Description of the task :: Please repeat, from the entries that follow, the lines from the one containing "G-Promise All Metal" through the one containing "ensuring better rotation." exactly, adding nothing.

Task inputs ::
-*-*-

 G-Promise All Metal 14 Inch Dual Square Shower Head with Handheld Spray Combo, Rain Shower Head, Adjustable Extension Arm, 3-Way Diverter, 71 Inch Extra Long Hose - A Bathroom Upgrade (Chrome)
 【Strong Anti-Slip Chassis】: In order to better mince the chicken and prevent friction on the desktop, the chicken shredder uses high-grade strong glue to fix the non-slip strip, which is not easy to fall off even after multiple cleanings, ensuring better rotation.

-*-*-

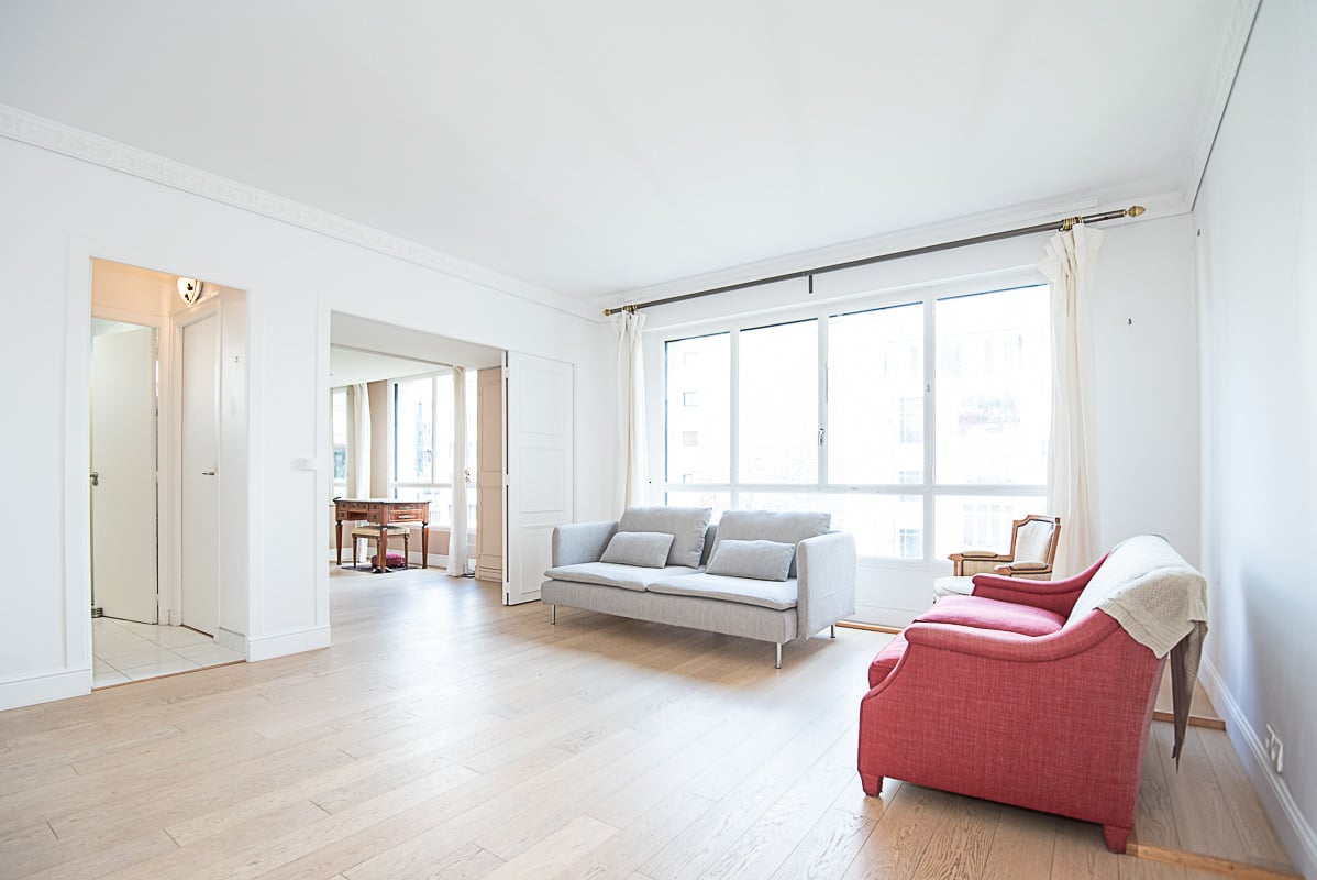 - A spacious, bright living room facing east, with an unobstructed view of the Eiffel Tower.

-*-*-

Problem solution ::
 G-Promise All Metal 14 Inch Dual Square Shower Head with Handheld Spray Combo, Rain Shower Head, Adjustable Extension Arm, 3-Way Diverter, 71 Inch Extra Long Hose - A Bathroom Upgrade (Chrome)
 【Strong Anti-Slip Chassis】: In order to better mince the chicken and prevent friction on the desktop, the chicken shredder uses high-grade strong glue to fix the non-slip strip, which is not easy to fall off even after multiple cleanings, ensuring better rotation.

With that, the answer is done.